Even funnier - poor Rob negotiated a trinket salesman down to 20 US dollars for a giraffe statuette, only to be offered the same statuette further down the road in exchange for one of the Carpet Colour Centre pens. Either CCC ballpoint pens are treasured in Kenya, or Rob got severely ripped off. We had a good laugh about it anyway.
Equator
We stopped along the highway where it crosses the equator. For ten bucks, we could audit a road-side science course by "Professor Mackenzie". It was truly amazing. In the northern hemisphere - literally 20 steps north - water swirls clockwise down a drain. A few feet away, in the southern hemisphere (that backward, Australian-like landscape where nothing makes sense), it swirled counter-clockwise. And standing right on the equator: that's right, no swirl.
Agriculture
Soon, we began to encounter huge, modern farm operations. The fields of wheat and barley, and greenhouses of flowers, were a puzzling juxtaposition with the small hand-tooled plots we had been passing, until we learned of their origin. When the British left Kenya in 1963, many corporations signed 99-year leases for vast swaths of land with the newly-formed Kenyan government. These are the British farms. Rob was impressed by the technology used: GPS-guided combines significantly increase yields. All I knew is that the area looked remarkably like my neighbourhood in Alberta. What a wild contrast: as we passed the huge farms, we saw Kenyan farmers cultivating the soil of the ditches - the area between the highway and the fence, public land - with pick axes and plows and oxen.
Shaba Nature Reserve
As we travelled north, the terrain became more and more dry. The trees grew short and scrubby, and the ground became sandy, punctuated here and there with huge rock formations.
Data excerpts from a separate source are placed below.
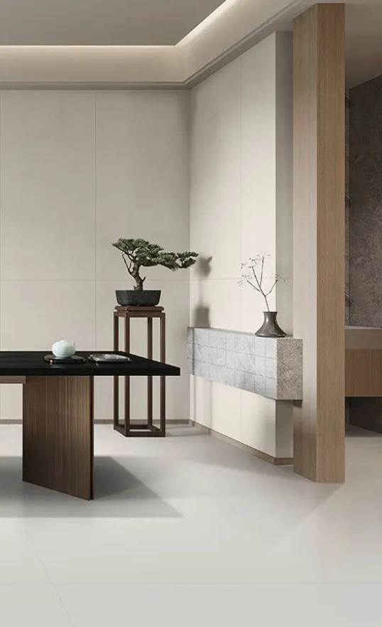 如同回歸大自然清新脫俗的木紋縱橫交錯(cuò),搭配宋素|凡古磚肌膚釉工藝自帶的8°柔光,在方寸之間展現(xiàn)簡潔、大方,暖灰色系結(jié)合恣意流暢的紋理,在光線渲染下,如朦朧月色裝飾空間,深邃而又浩渺,讓家中再現(xiàn)溫馨回憶。
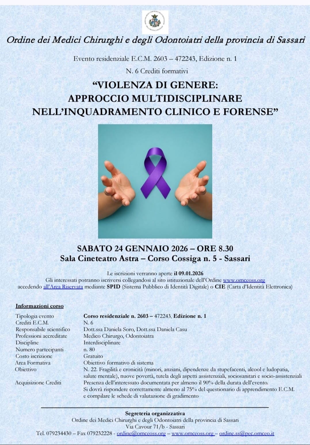 (AGENPARL) - Roma, 26 Gennaio 2026(AGENPARL) – Mon 26 January 2026 Ordine dei Medici Chirurghi e degli Odontoiatri della Provincia di Sassari
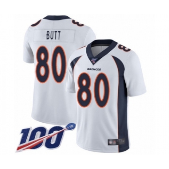Men's Denver Broncos #80 Jake Butt White Vapor Untouchable Limited Player 100th Season Football Jersey
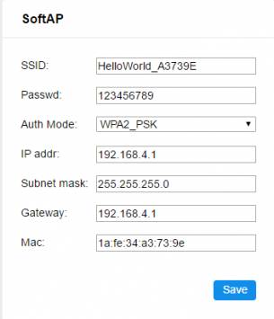 通过web配置模组,配置WiFi参数。
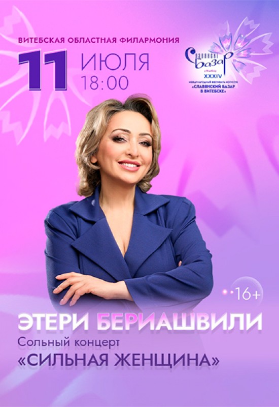 11 июля в 18:00 в рамках Международного фестиваля искусств «СЛАВЯНСКИЙ БАЗАР В ВИТЕБСКЕ» на сцене Витебской областной филармонии выступит Этери БЕРИАШВИЛИ – певица, композитор, педагог и актриса.
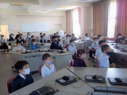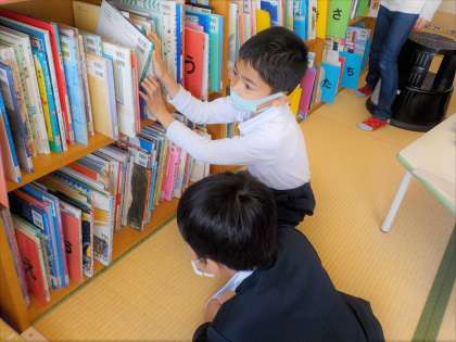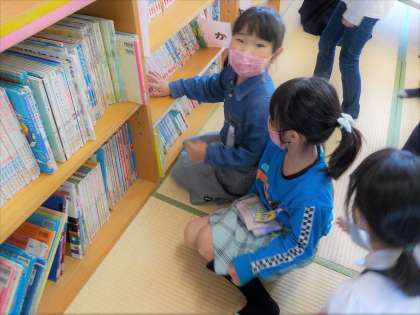 図書オリエンテーションでは、図書室の使い方や本の借り方について、お話を聞きました。その後、今年度初めての本の貸し出しを行いました。本を借りるのを楽しみにしていた子供たち。すごくうれしそうでした。
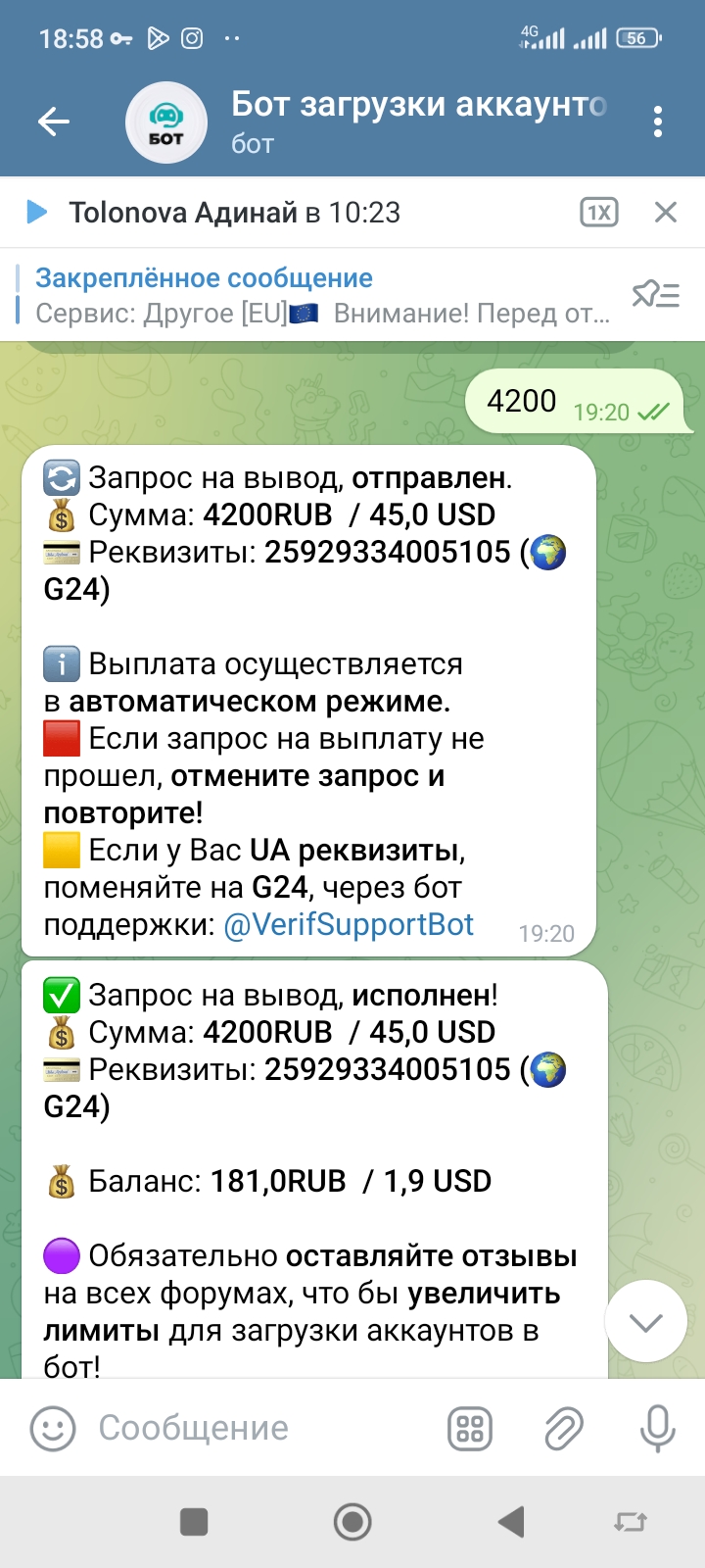 Получила ещё одну выплату. Всё хорошо. Бот супер.
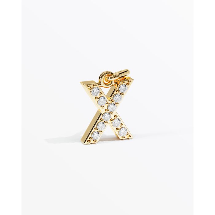 Letter X with 10 stones. All stones can be designed individually. Stone size is 1.5 mm. The height is 10 mm. Depth is 2.6 mm.
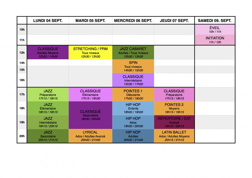 La semaine du 04 Septembre, un planning spécifique vous est proposé afin que vous puissiez essayer gratuitement tous les cours:
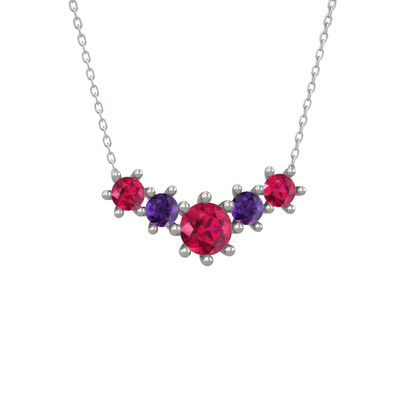 Rodolit garnet ve ametist 8 ayar beyaz altın kolye (40 cm beyaz altın rolo zincir)
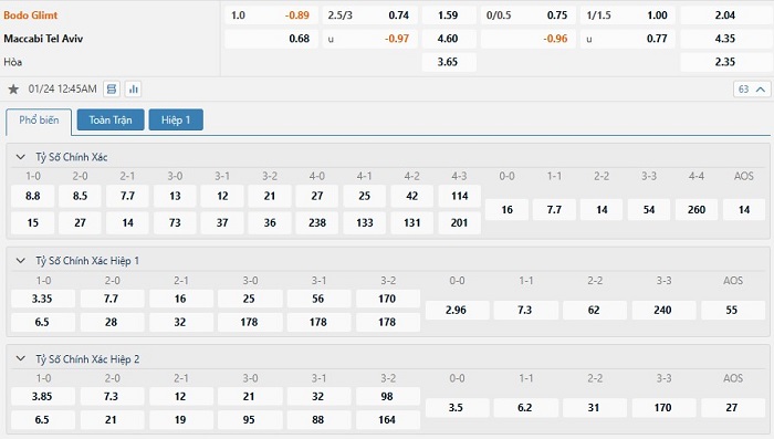 Bảng tỷ lệ kèo bóng đá trận đấu Bodo Glimt vs Maccabi Tel Aviv

Ramshackle buildings were replaced by twig and grass huts. No crops to speak of - just a few small herds of goats or sheep feeding on the sparse population. People have lived here this way for thousands of years. Fairly close to one of our projects, a school in a community called Daaba where we've helped construct dorms for the resident teachers, is a wildlife reserve, basically a national park, where we are staying tonight. Groups of baboons roam the compound, and crocodiles inhabit the river right outside the rooms. An oasis in the scrubland, it will be our home for only two days. Tomorrow we will go on an early morning safari before heading to the school to prepare for a free clinic that A Better World will be hosting next month. We need to make sure that everything is prepared for the doctors and dentists before they arrive so that they can focus on their job. We will also be taking measurements on the school and dorm buildings in an effort to begin to develop a set of specifications for all future buildings with A Better World.
**Pictures are forthcoming. Wifi inadequate right now.